Вся жизнь Ольги Александровны Чуваевой связана с Малым театром – от яркого дебюта в 1956 году до сегодняшнего дня. Шестьдесят лет на сцене. Много. А если учесть годы учения в Театральном училище имени М. С. Щепкина, то получится еще больше. Ее продолжительный творческий путь на удивление красив и ровен, может быть, оттого, что пройден без суеты и с достоинством.
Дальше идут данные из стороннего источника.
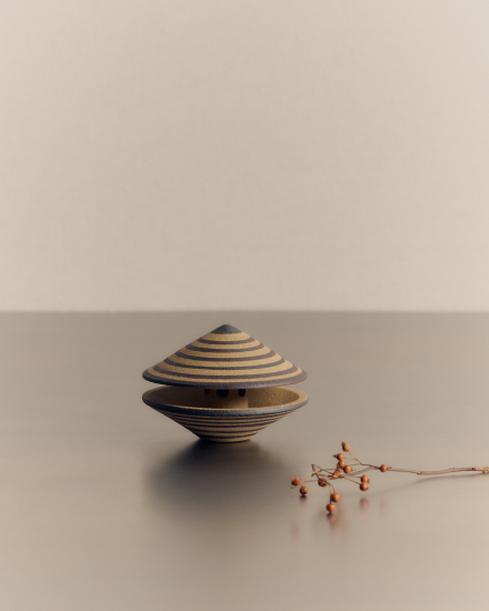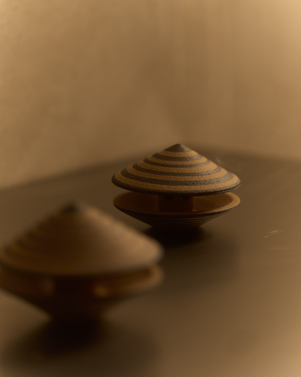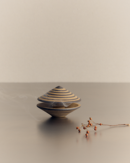 A sculptural incense burner designed to bring together character and functionality. Comprising two separate conical forms reminiscent of the Dancer range, the burner holds a single incense cone in the central column allowing smoke to make its way through the form gently escaping outwards through the centre.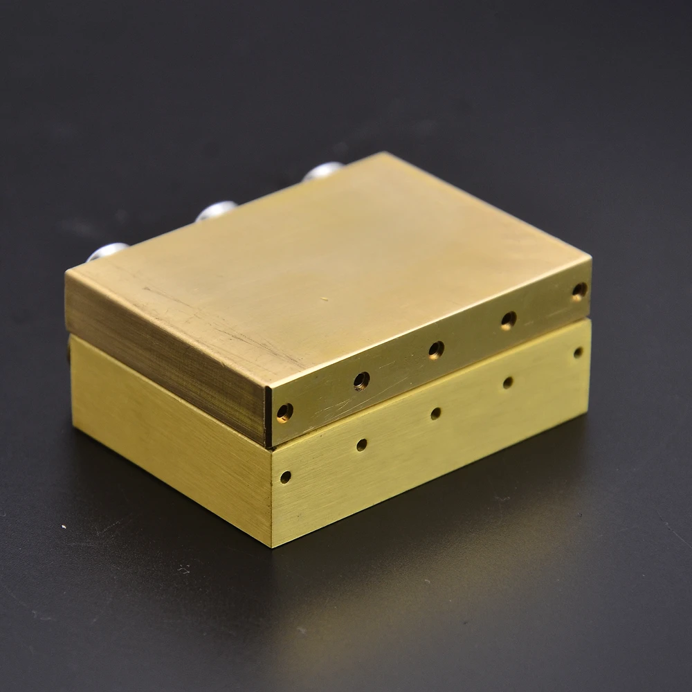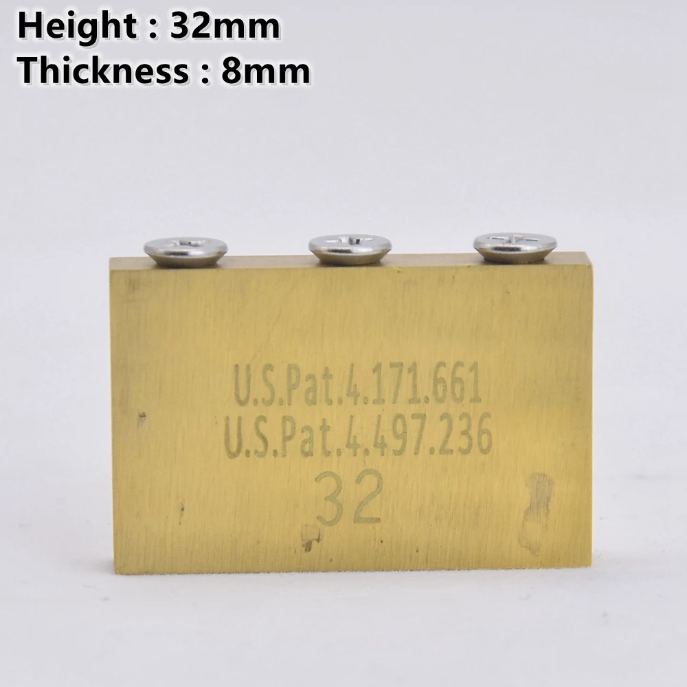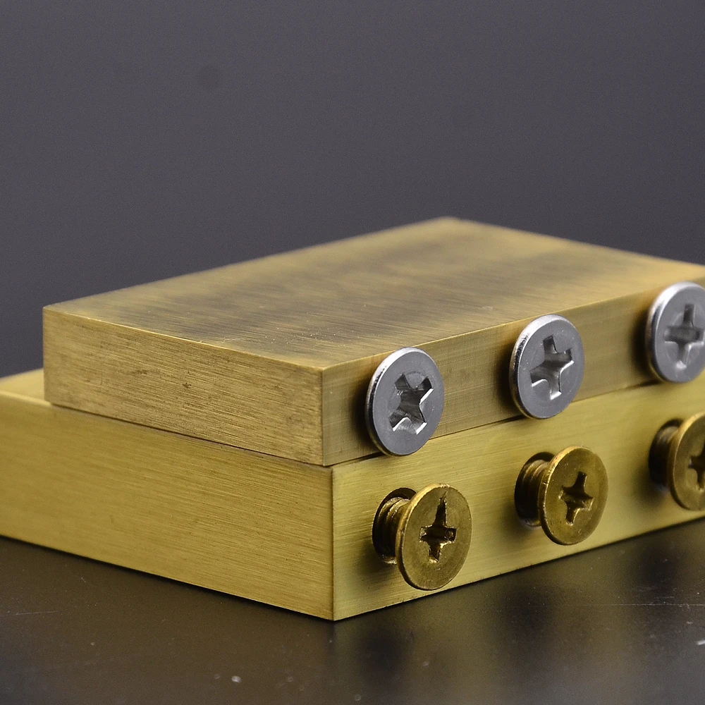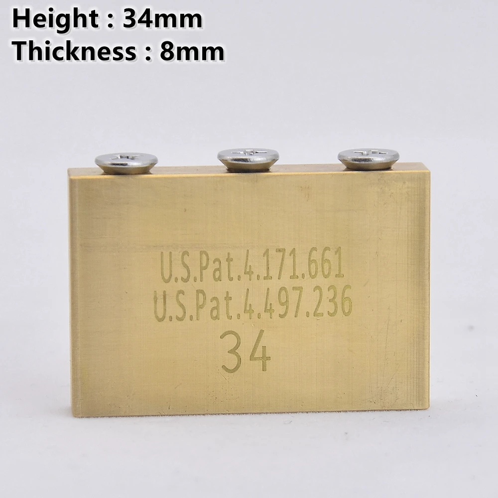 Experience superior sound and durability with this high-quality brass guitar tremolo system bridge. Crafted from durable brass, it offers excellent tone quality and long-lasting performance. Available in four precise sizes—32mm, 34mm, 37mm, and 42mm—each measures 50mm in length and 8mm in width, providing versatile options for your guitar setup. The polished metallic surface exhibits a warm, golden hue, enhancing a vintage, industrial aesthetic. A set of round, grooved saddle screws sit atop each bridge segment, ensuring secure string anchoring and fine adjustment. Some pieces display subtle patina, adding character to their refined design. This component is built for longevity and performance, ensuring your instrument stays in optimal playing condition. It’s compatible with Floyd Rose original and Floyd Rose special guitar parts, making it a perfect upgrade for your tremolo system.

Вся жизнь Ольги Александровны Чуваевой связана с Малым театром – от яркого дебюта в 1956 году до сегодняшнего дня. Шестьдесят лет на сцене. Много. А если учесть годы учения в Театральном училище имени М. С. Щепкина, то получится еще больше. Ее продолжительный творческий путь на удивление красив и ровен, может быть, оттого, что пройден без суеты и с достоинством. Прекрасная молодость, цветущая зрелость, благородная старость – так должно быть в идеале. Но мало у кого получается. У Ольги Александровны получилось.
Дебютировала актриса в великом спектакле Бориса Равенских «Власть тьмы», для которого был собран блестящий актерский состав: Игорь Ильинский (Аким), Виталий Доронин (Никита), Елена Шатрова (Матрена), Михаил Жаров (Митрич). Ольга Чуваева вышла на сцену в роли Анисьи и среди именитых коллег – не потерялась.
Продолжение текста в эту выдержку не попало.